Possible database corruption

Discussion:

Possible database corruption - urgent

(too old to reply)

Benjamin Krajmalnik

2013-01-07 21:22:25 UTC

I have a situation where pg_xlog started growing until it filled up the
disk drive.

I got alerted to the error and started investigating.

Checked the logs and I am seeing the following entry repeatedly:

2013-01-07 01:49:12 GMT ERROR: could not open file
"base/16748/181979366_fsm": No such file or directory

2013-01-07 01:49:12 GMT CONTEXT: writing block 1 of relation
base/16748/181979366_fsm

2013-01-07 01:49:12 GMT WARNING: could not write block 1 of
base/16748/181979366_fsm

I checked the actual file system, and that file is indeed missing.
181979366 exists.

Is there a way to get the system back up and running?

I stopped the postmaster and am moving the pg_xlog directory to a
partition which has room left in it, but I need to resolve this missing
file problem

Benjamin Krajmalnik

2013-01-07 21:31:29 UTC

Permalink

I forgot to mention - PostgreSQL 9.0 - my apologies.
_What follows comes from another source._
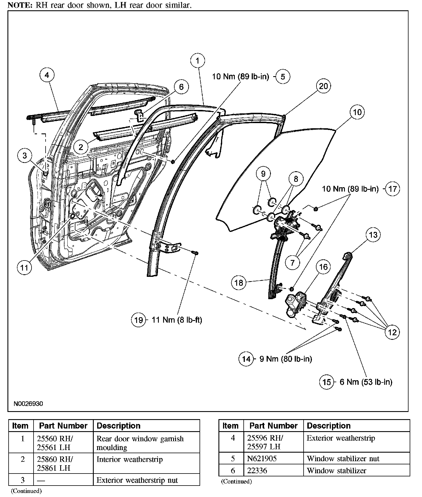 WINDOW REGULATOR AND MOTOR - REAR DOORSpecial Tool(s):

Can I just recreate the file using touch so it exists and then restart
potgresql?

The system coredumped and was attempting to go intorecovery mode

2013-01-07 01:49:12 GMT ERROR: could not open file
"base/16748/181979366_fsm": No such file or directory

2013-01-07 01:49:12 GMT CONTEXT: writing block 1 of relation
base/16748/181979366_fsm

2013-01-07 01:49:12 GMT WARNING: could not write block 1 of
base/16748/181979366_fsm

.

.

.

2013-01-07 01:49:12 GMT ERROR: could not open file
"base/16748/181979366_fsm": No such file or directory

2013-01-07 01:49:12 GMT CONTEXT: writing block 1 of relation
base/16748/181979366_fsm

2013-01-07 01:49:12 GMT WARNING: could not write block 1 of
base/16748/181979366_fsm

From: pgsql-admin-***@postgresql.org
[mailto:pgsql-admin-***@postgresql.org] On Behalf Of Benjamin
Krajmalnik
Sent: Monday, January 07, 2013 2:22 PM
To: pgsql-***@postgresql.org
Subject: [ADMIN] Possible database corruption - urgent

I have a situation where pg_xlog started growing until it filled up the
disk drive.

I got alerted to the error and started investigating.
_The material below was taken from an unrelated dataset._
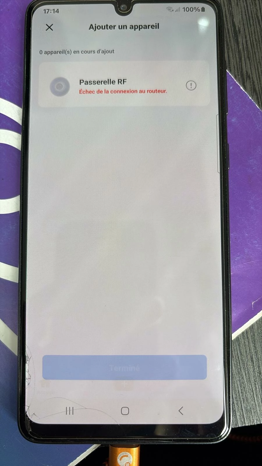 Je voudrais installer un article depuis l’appli Smart Life, l’appli reconnait l’appareil mais après environ 80 % de chargement, cela s’arrête et j ‘ai un message d’erreur.

Checked the logs and I am seeing the following entry repeatedly:

2013-01-07 01:49:12 GMT ERROR: could not open file
"base/16748/181979366_fsm": No such file or directory

2013-01-07 01:49:12 GMT CONTEXT: writing block 1 of relation
base/16748/181979366_fsm

2013-01-07 01:49:12 GMT WARNING: could not write block 1 of
base/16748/181979366_fsm

I checked the actual file system, and that file is indeed missing.
181979366 exists.

Is there a way to get the system back up and running?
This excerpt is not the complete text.